Abstract
Purpose :
Object measures of symptoms of dry eye are difficult to measure without an expert evaluating the eye in a slit lamp real time. In this study we assess the ability for the Ora EyeCup Phone to consistently capture eye redness in a large patient population. To obtain variations in eye redness patients were exposed to Ora’s Controlled Adverse Environment (CAE) with images acquired in the CAE.
Methods :
A custom android application on the pixel 5 was used to capture nasal and temporal images from 600 subjects with dry eye disease. Images were captured 29 times during the study, each time collecting a nasal and temporal view of each eye. Images were automatically uploaded from the phones and automatically downloaded onto expert graders computers. Using a custom grading software, graders evaluated each eye with the images with the nasal and temporal images on the screen. If the image was too blurry, the eye was closed or did not reach a sufficient interpalpebral fissure height, or patients gaze was off from the target that eye at that timepoint was marked as ungradable.

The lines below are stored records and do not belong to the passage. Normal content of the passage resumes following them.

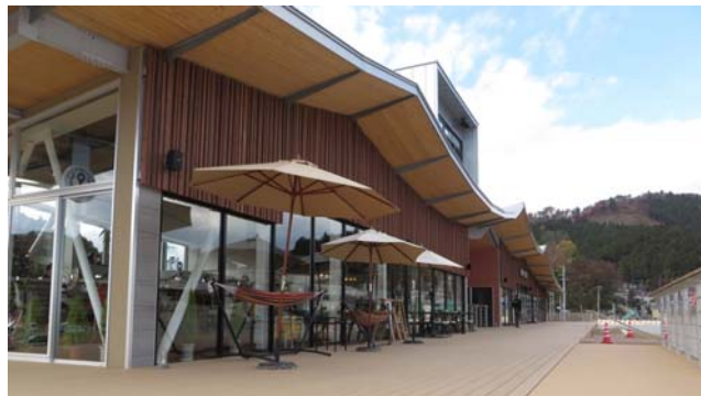
商業施設「迎(ムカエル)」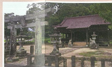
③ 正一位神社(しょういちじんじや)

五穀豊穡・家内安全・村中平和を祈念し、毎年秋の彼岸の中日に貴船神社に奉納されている。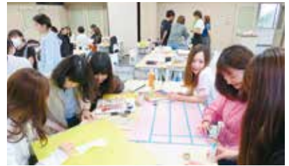
「小児看護援助論:プレパレーションを検討する」授業風景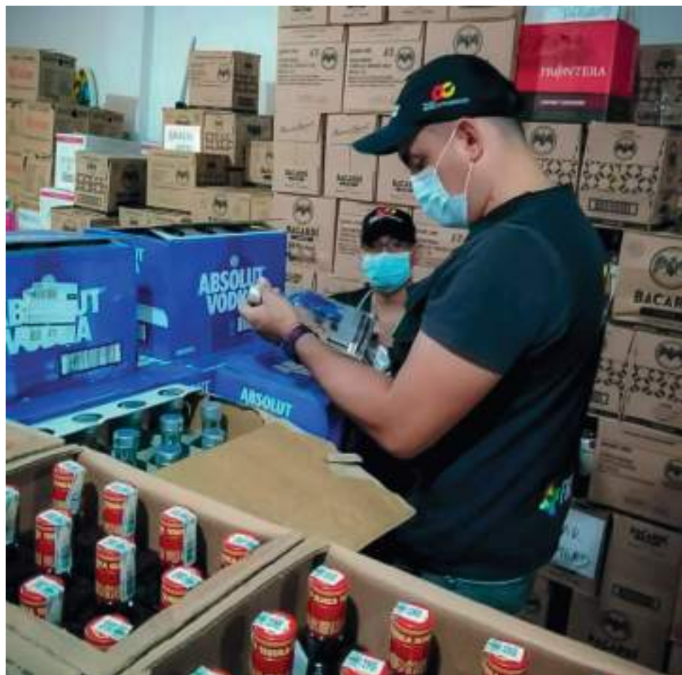
Es esencial que en las estampillas se especifique que el licor es para distribución y comercialización en el Departamento del Huila.

Este tipo de procedimientos se hacen de manera constante en el Departamento, sin embargo, aumentan los controles teniendo en cuenta que se está a puertas de la Semana Mayor y de las festi-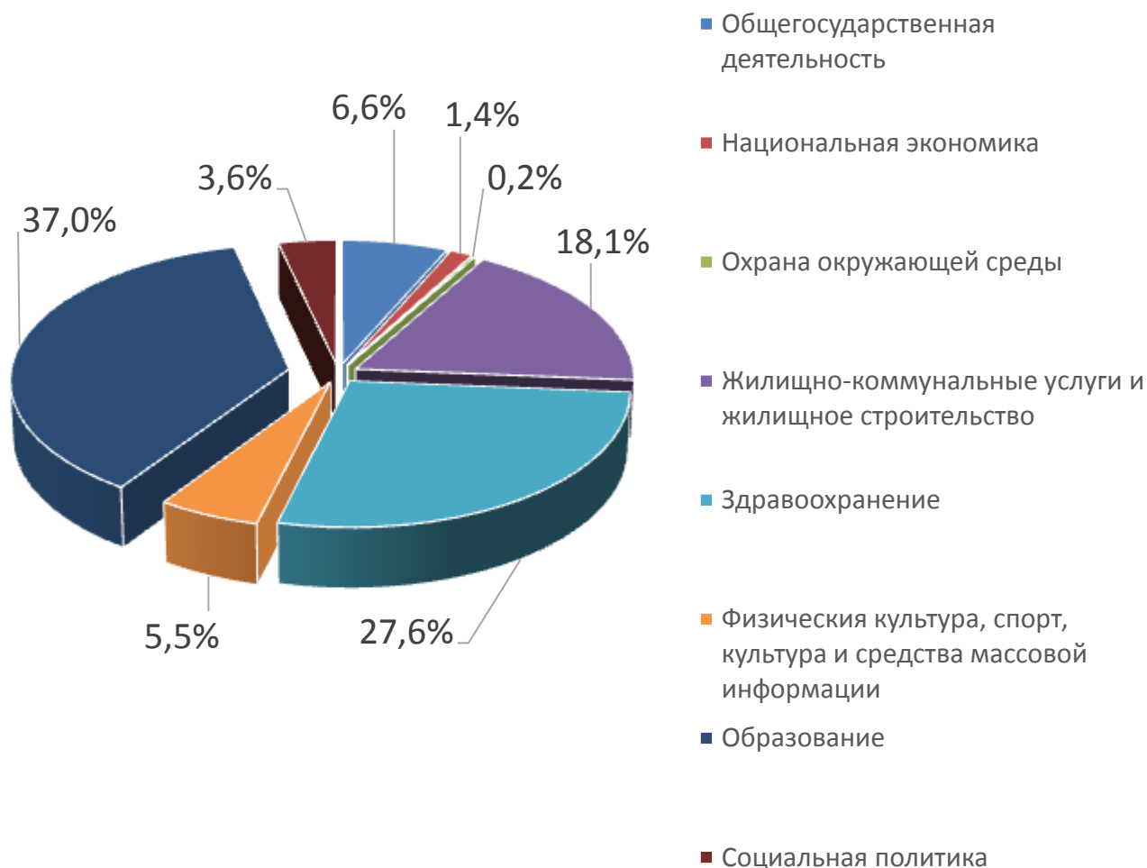
Расходы отраслей консолидированного бюджета Осиповичского района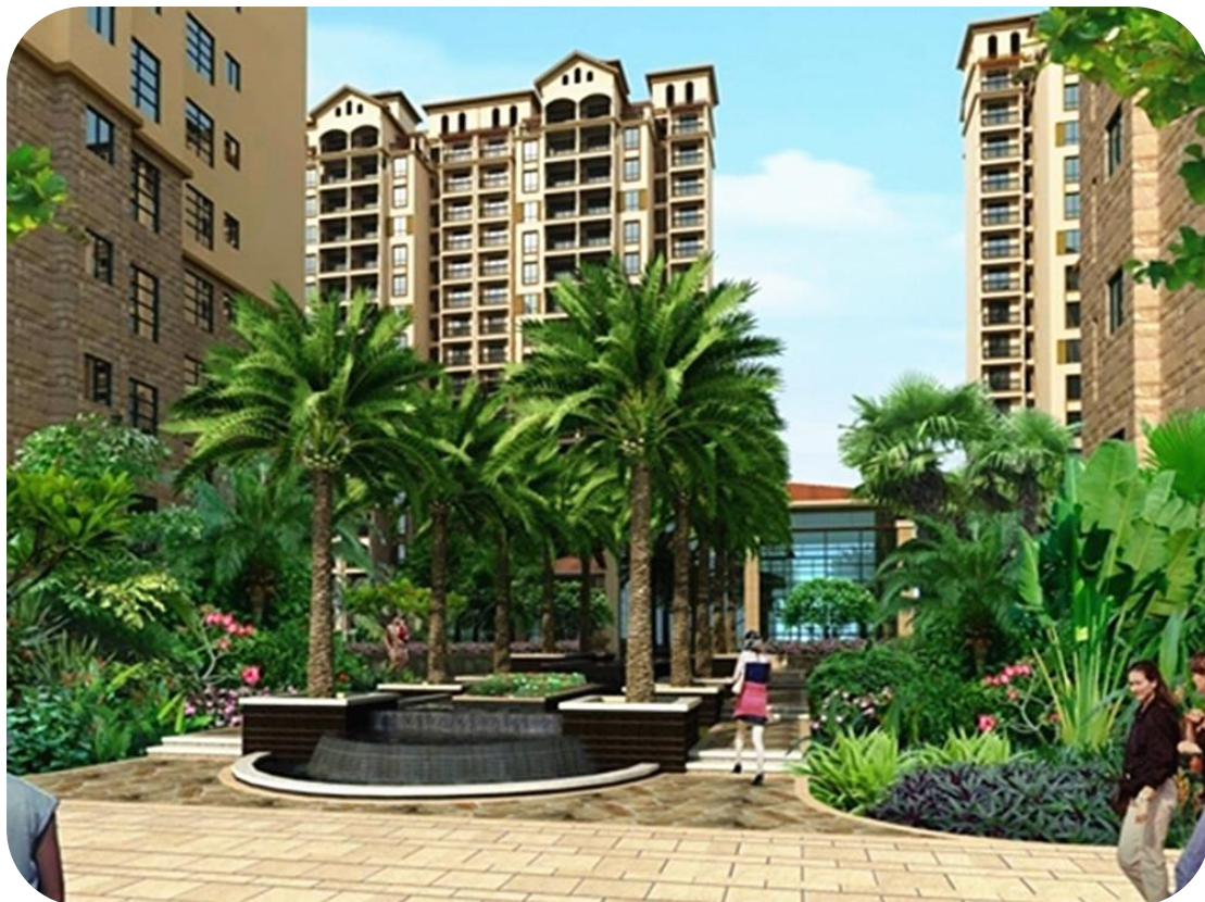
海南四季花园工程效果图

Some timepoints images did not make it to the grading program either from issues in the upload or image acquisition issues at that timepoint.
Results :
Grading of the images is currently still ongoing, but to date total of 133,396 images, or 66,698 sets of nasal and temporal images, have been evaluated by an expert grader. Of these sets only 970 or 1.45% were marked as ungradable. However, some images that were supposed to be acquired and graded did not make it to the graders for reasons listed above. This accounted for an additional 764 missing image sets or 1.15%.
Conclusions :
The very low percentage of ungradable sets of images indicates the Ora EyeCup phone provides consistent quality for measuring ocular redness during clinical trials.
This abstract was presented at the 2022 ARVO Annual Meeting, held in Denver, CO, May 1-4, 2022, and virtually.